# Cowboy Action Shootin' Guns



## Wandering Man (Jul 9, 2006)

Howdy,

I've been pretty absent here, recently, spending most of my time learning about Cowboy Action Shooting.

And acquiring new guns.

Here's what's been added to the safe:

First, 3Reds MADE me go buy this gun for her last Friday, so she would have a rifle she could handle. Its a Marlin 1894c:










We bought this Uberti clone of a Winchester Model 1873 about a month ago for CAS. It shoots .38/.357 really well, but at a little over 8 pounds it was too heavy for 3Reds (lucky me):










CAS requrires a shotgun, so we picked up this clone of a Winchester Model 1894 12 gauge pump shotgun with an 18" barrel:










And finally, I had a Ruger Blackhawk in .357, but needed a second gun. This Ruger New Model Vaquero is actually 3Reds, but she lets me shoot it if I'm nice:










WM


----------



## Todd (Jul 3, 2006)

Who are you, again? :smt017


----------



## niadhf (Jan 20, 2008)

:drooling::drooling: Nice new aquisitions WM and 3 reds. How goes the shoots? i Love that 1873 rifle. Might even consider trading my Marlin 1894 in 32-20 for something like that. Or just buying one. doh. course it would need to be 45 colt for me.
Enjoy. (what class you shooting lad)? :draw:


----------



## Wandering Man (Jul 9, 2006)

Todd said:


> Who are you, again? :smt017


:smt019 phhhbt!



niadhf said:


> :drooling::drooling: Nice new aquisitions WM and 3 reds. How goes the shoots? i Love that 1873 rifle. Might even consider trading my Marlin 1894 in 32-20 for something like that. Or just buying one. doh. course it would need to be 45 colt for me.
> Enjoy. (what class you shooting lad)? :draw:


Only got to shoot once, so far. But had a blast.

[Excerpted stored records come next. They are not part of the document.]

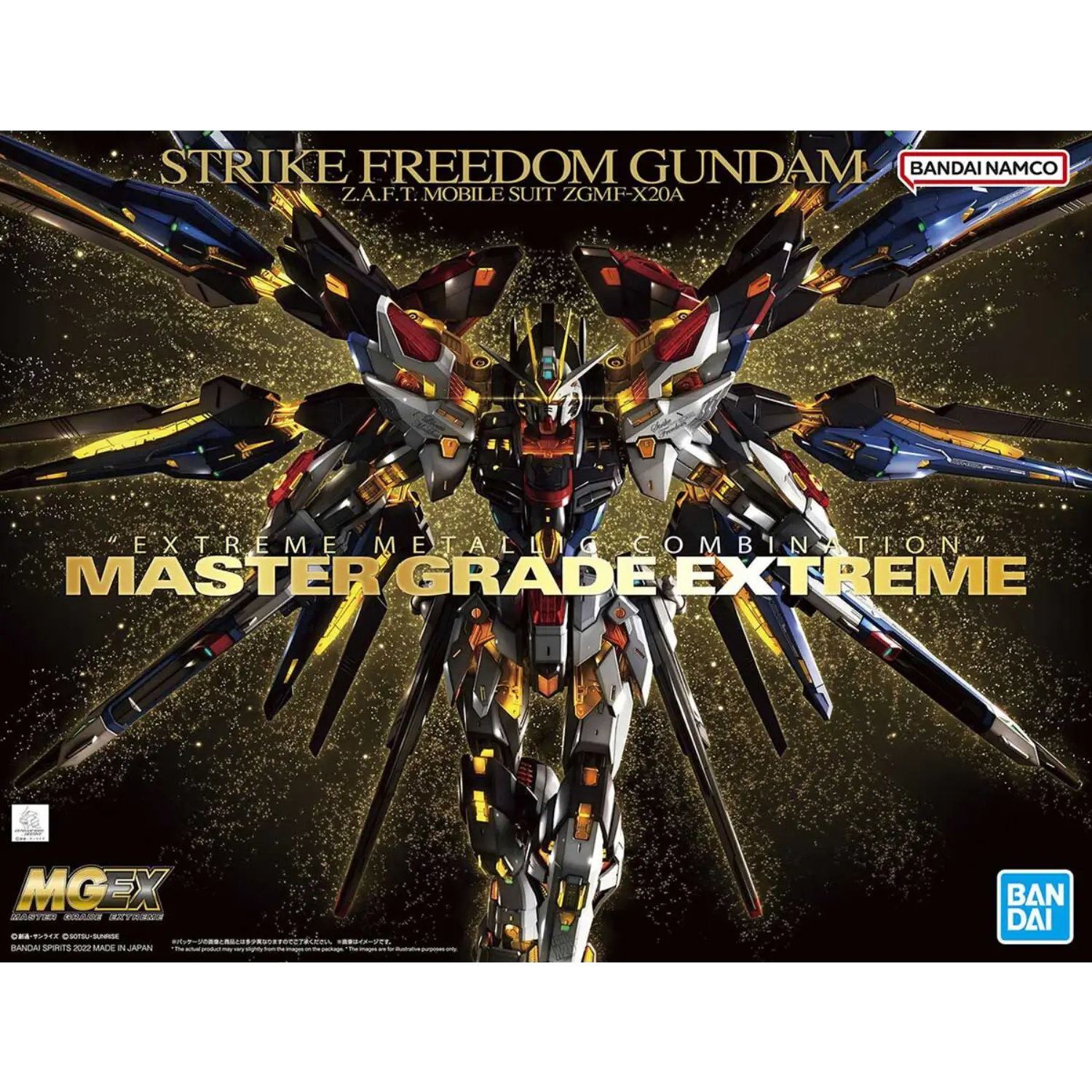 The MGEX line reaches new heights with the Strike Freedom Gundam, showcasing an unparalleled metallic expression for the inner frame. This 1/100 scale kit uses six types of metallic finishes, including three special processes and two metallic moldings, along with etched stickers to give it an impressive metallic look. Clear red parts and open gaps emphasize the frame further, while a full array of articulation and weaponry makes this kit a must for any Gundam fan. Strike Freedom’s arms, legs, and DRAGOON wings are designed for dynamic poses, bringing Gundam Seed Destiny’s Strike Freedom to life in exquisite detail.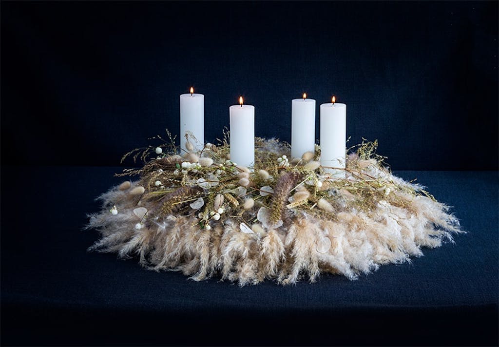 Kan adventskransen stråle af julestemning uden guld, sølv, glimmer og andet pynt? Ja, sagtens. Se blot disse fire smukke kranse, der hylder naturens små mirakler. Den internationalt anerkendte blomsterdesigner Annette von Einem tryller med græsser, snebær, kogler og fjer.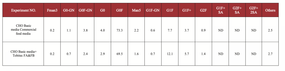 Comparative testing of glycosylation data of protein production using different culture media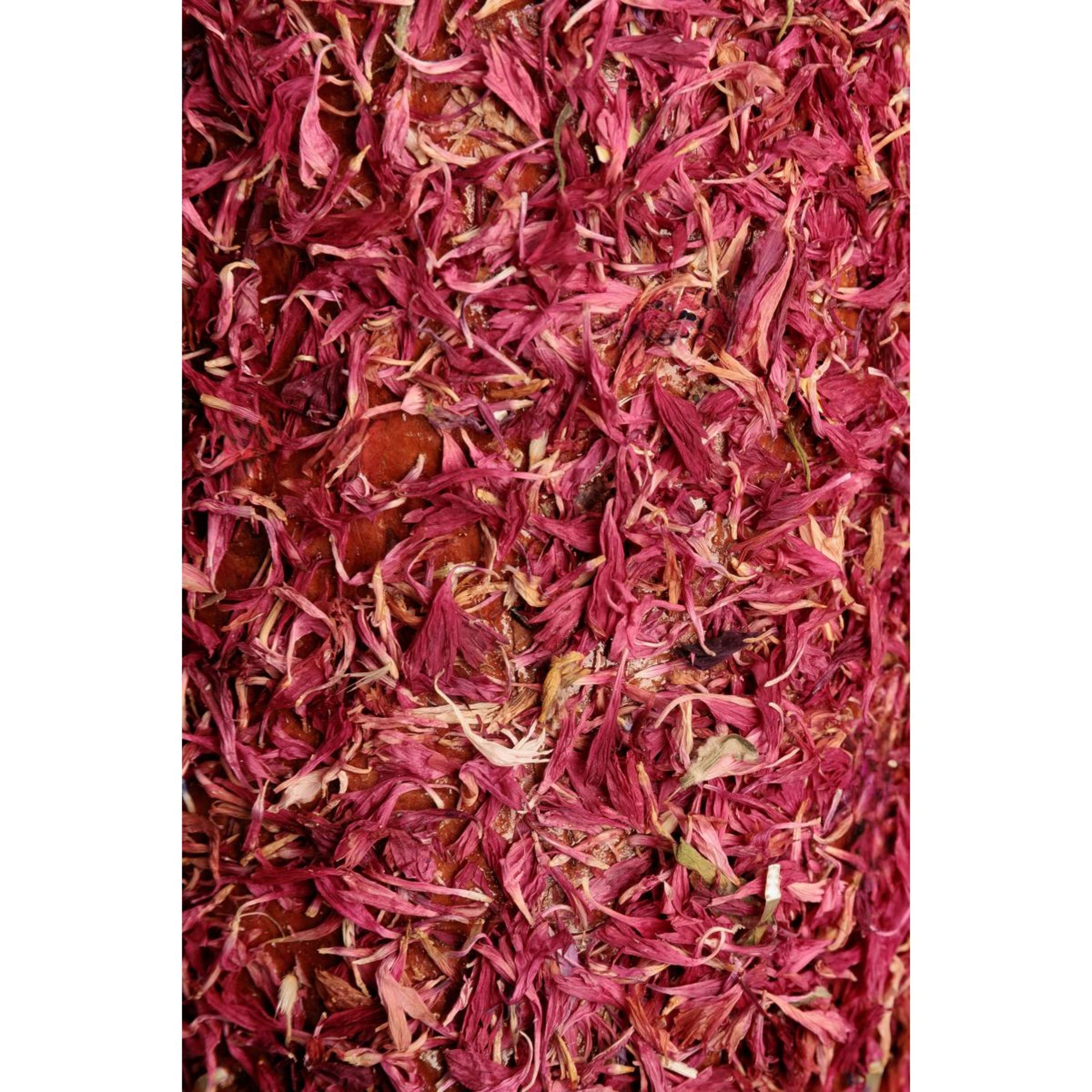 – Die Rot- und Rosatöne enthalten wilde Rosenblätter, eine natürliche Quelle für Antioxidantien – insbesondere Vitamin C – mit verdauungsfördernden und entzündungshemmenden Eigenschaften und einem natürlich ansprechenden Aroma.

Since we share a Blackhawk, that puts us in the "Modern" class. Once we acquire our second Vaquero we'll move into the 49er class.

We had my Blackhawk, 3Reds' Vaquero, and the Uberti/Win '73 for our first shoot. We borrowed a shotgun from one of the crowd.

The first time 3Reds shot the shotgun, it sent her back a step. She says all she could think of was "I've got to shoot this thing three more times?"

After fiinishing the first stage the other ladies in the group gathered round and offered her help.

By the second stage she was doing this:










We had a great time.

It got a little hectic. Since we used someone elses shotgun, we shot toward the end of each stage.

And since we were sharing holsters and guns with each other, I had to make a mad dash back behind the lines to reload the belts so 3Reds could get to the loading station and load the guns, and not make everyone wait.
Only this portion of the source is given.